Света уснула быстро, а Лена ещё долго ворочалась. Она в сотый раз прокручивала в голове рассказ дедушки о смелом гениальном юноше Авиценне. Он ей представлялся таким же, как Алишер: высоким, статным, с прекрасными глазами, которые, однако, почему–то никак не хотели замечать её, как девушку. Её сердце рвалось на части. Её детская любовь выдержала проверку временем и переросла в девичью, когда в присутствии любимого, сердце замирает, и трудно дышать, когда уже определённо хочется прикосновений и нежных поцелуев, когда любовь кружит голову, как вино.

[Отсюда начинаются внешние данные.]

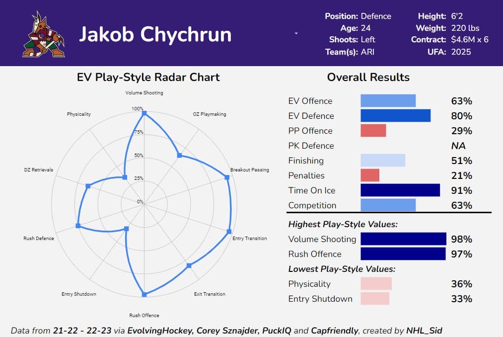 Defenders that can consistently play against top opposition and post strong results at both ends of the ice aren’t that common on the trade market, and Chychrun fits these criteria while playing on an awful Arizona team. Players of that calibre at a young age and with an excellent contract aren’t often available.

На глаза Лены навернулись слёзы. Поплакав немного, она незаметно для себя уснула.
На следующий день, проснувшись и позавтракав, Света и Лена задумались, куда бы им пойти, чтобы скоротать время. Август сбрасывал свои первые деньки, солнце нещадно палило, и воду из водохранилища давно уже забрали на поля. Море ушло далеко от своих прежних берегов, оголив не самую красивую часть водохранилища, а именно – дно. Впадины, насыпи, ямы большие и не очень, одним словом: котлован – огромный пустой, тянущийся далеко вширь и вдаль, – заменил синие просторы, где совсем недавно лёгкие бреющие волны, неторопливо скользили по воде, отражаясь в которой, лучи солнца золотом полировали её поверхность. В небе парили ласточки, и вокруг царила тишь и благодать.